HR 511

Observation data Epoch J2000 Equinox ICRS
- Constellation: Cassiopeia
- Right ascension: 01^{h} 47^{m} 44.83444^{s}
- Declination: +63° 51′ 09.0110″
- Apparent magnitude (V): 5.63

Characteristics
- Evolutionary stage: main sequence
- Spectral type: K0 V
- U−B color index: +0.40
- B−V color index: +0.80

Astrometry
- Radial velocity (R_{v}): +2.62±0.12 km/s
- Proper motion (μ): RA: +581.684 mas/yr Dec.: −246.462 mas/yr
- Parallax (π): 99.5902±0.0438 mas
- Distance: 32.75 ± 0.01 ly (10.041 ± 0.004 pc)
- Absolute magnitude (M_{V}): 5.61

Details
- Mass: 0.825±0.021 M_{☉}
- Radius: 0.819±0.024 R_{☉}
- Luminosity: 0.516±0.010 L_{☉}
- Temperature: 5,407±4.0 K
- Metallicity [Fe/H]: −0.02 dex
- Rotation: 21.67 days
- Rotational velocity (v sin i): 2.0 km/s
- Age: 2.2 - 3.5 Gyr
- Other designations: V987 Cassiopeiae, BD+63°238, GJ 75, HD 10780, HIP 8362, HR 511, SAO 11983, LHS 1297, LTT 10619

Database references
- SIMBAD: data
- ARICNS: data

= HR 511 =

Star in the constellation Cassiopeia

HR 511 (also designated V987 Cassiopeiae and Gliese 75 among others) is an orange dwarf of spectral type K0V in the constellation Cassiopeia. With an apparent magnitude of 5.63, it is faintly visible to the naked eye. The star is relatively close, 32.8 light-years from the Sun, just above 10 parsecs.

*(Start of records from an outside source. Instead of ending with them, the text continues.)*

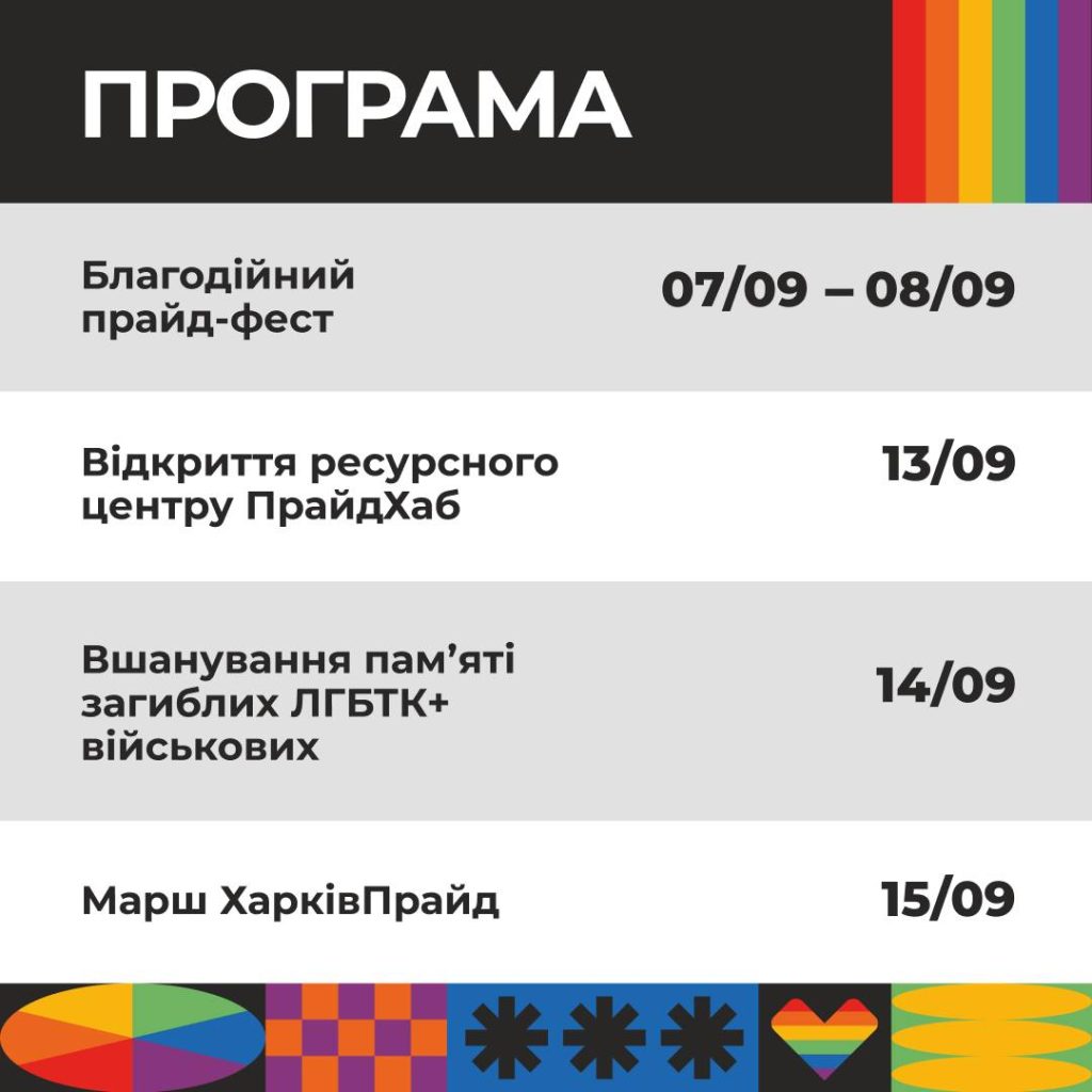 Організаторки та організатори ХарківПрайд 2024 запрошують містянок і містян на такі події: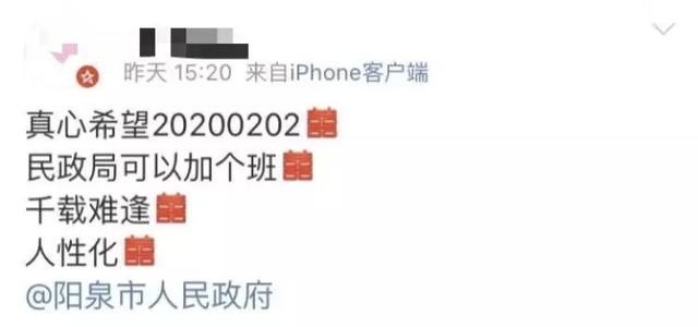 此外,不少计划领结婚证的网友,想在2020年02月02日去领证,然而,这天......是周日,原本民政局是不上班的!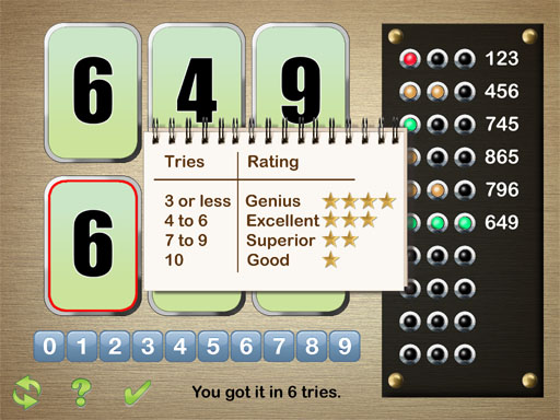 Green Light - Mystery Number Game is challenging and fun for all ages. The object of the game is figure out a three-digit random choosing by the computer. The goal is to find the number in less than 10 tries.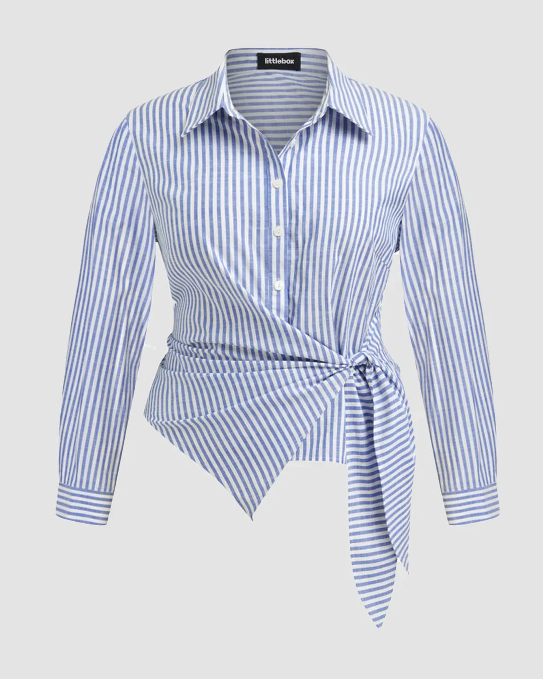 Collar Stripe Knotted Long Sleeve Top Curve & Plus is designed to bring easy polish with a flattering fit. The vertical stripes create a clean, elongating look, while the wrap-style knot detail defines the waist in the most comfortable way. Crafted in smooth polyester, this top feels lightweight on the skin and holds its shape through the day. The collared neckline and button-front detail add a structured touch, balanced by the soft drape of the fabric. It is stylish without trying too hard and works perfectly for everyday wear.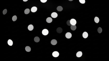a collection of scattered, out-of-focus circular shapes in varying shades of white and gray against a deep black background. The bokeh effect creates a soft, ethereal atmosphere, with individual lights appearing as luminous orbs. The arrangement is random, suggesting a sense of movement or a starry night sky. The monochrome palette emphasizes the abstract nature of the composition, making it a variety of applications requiring a subtle yet impactful visual
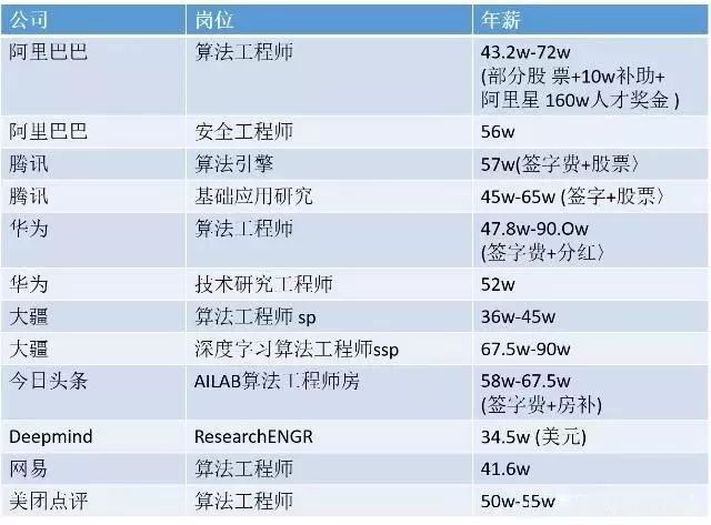 从以上清单来看,华为、大疆在算法工程师岗位上开出了高达90w年薪的岗位薪资。当然,薪酬最高的当属deepmind,高达34.5w美元。今日头条也大大发力,薪酬方面比美团、大疆、腾讯的部分岗位都高。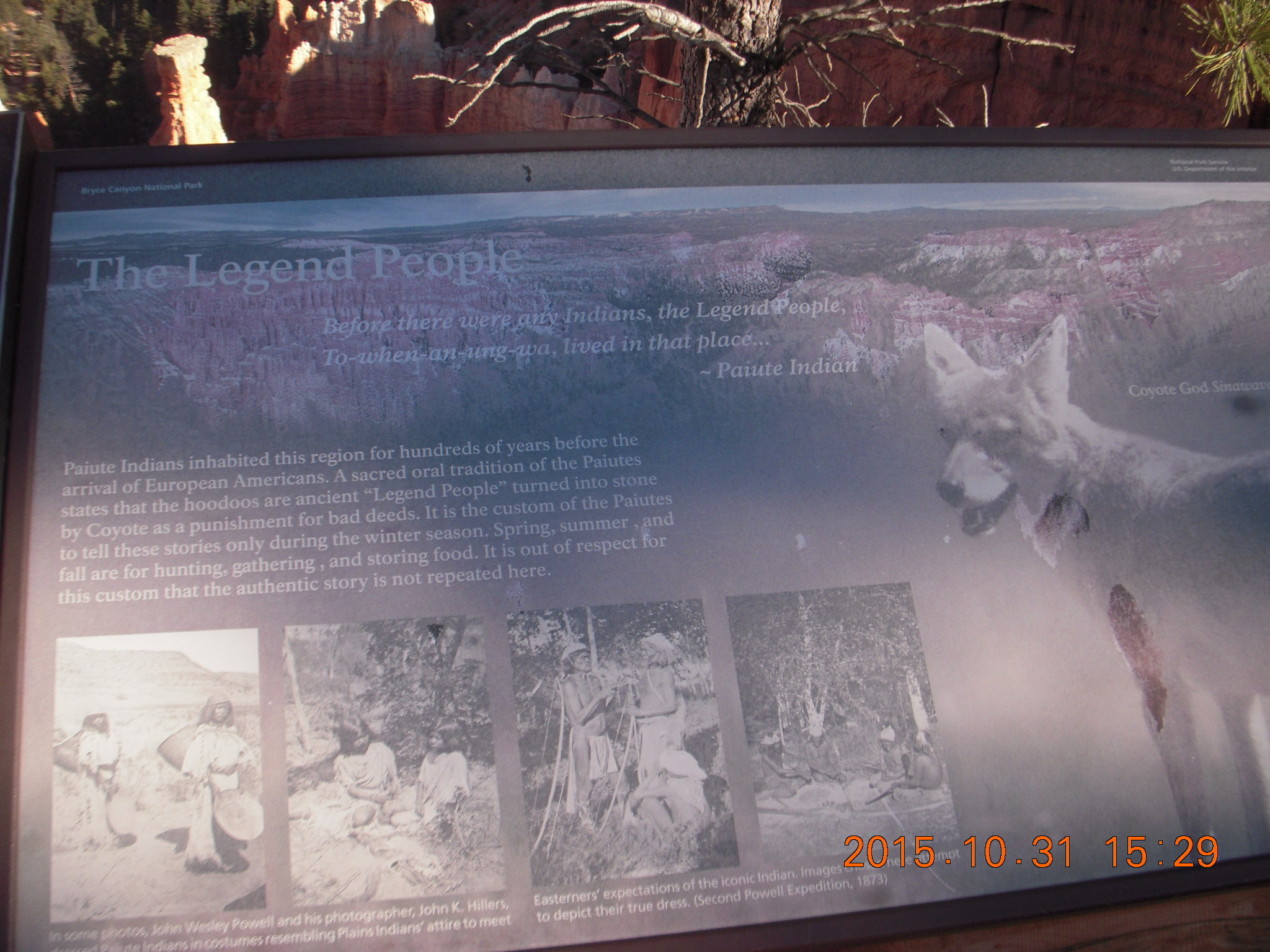 2015 October 31, Saturday, 94x-ug8.jpg * Bryce Canyon sign with legend of coyote god

This star is estimated to be about the same age as the Sun, with 83% of the mass of the Sun and 82% of the Sun's radius. It has not been identified as a member of any moving star groups. This star has displayed unusual emissions of Ca II and is much more x-ray luminous than the Sun. It is considered a relatively active star. Based on an iron abundance of [Fe/H] = −0.02, the metallicity of this star appears to be similar to that of the Sun.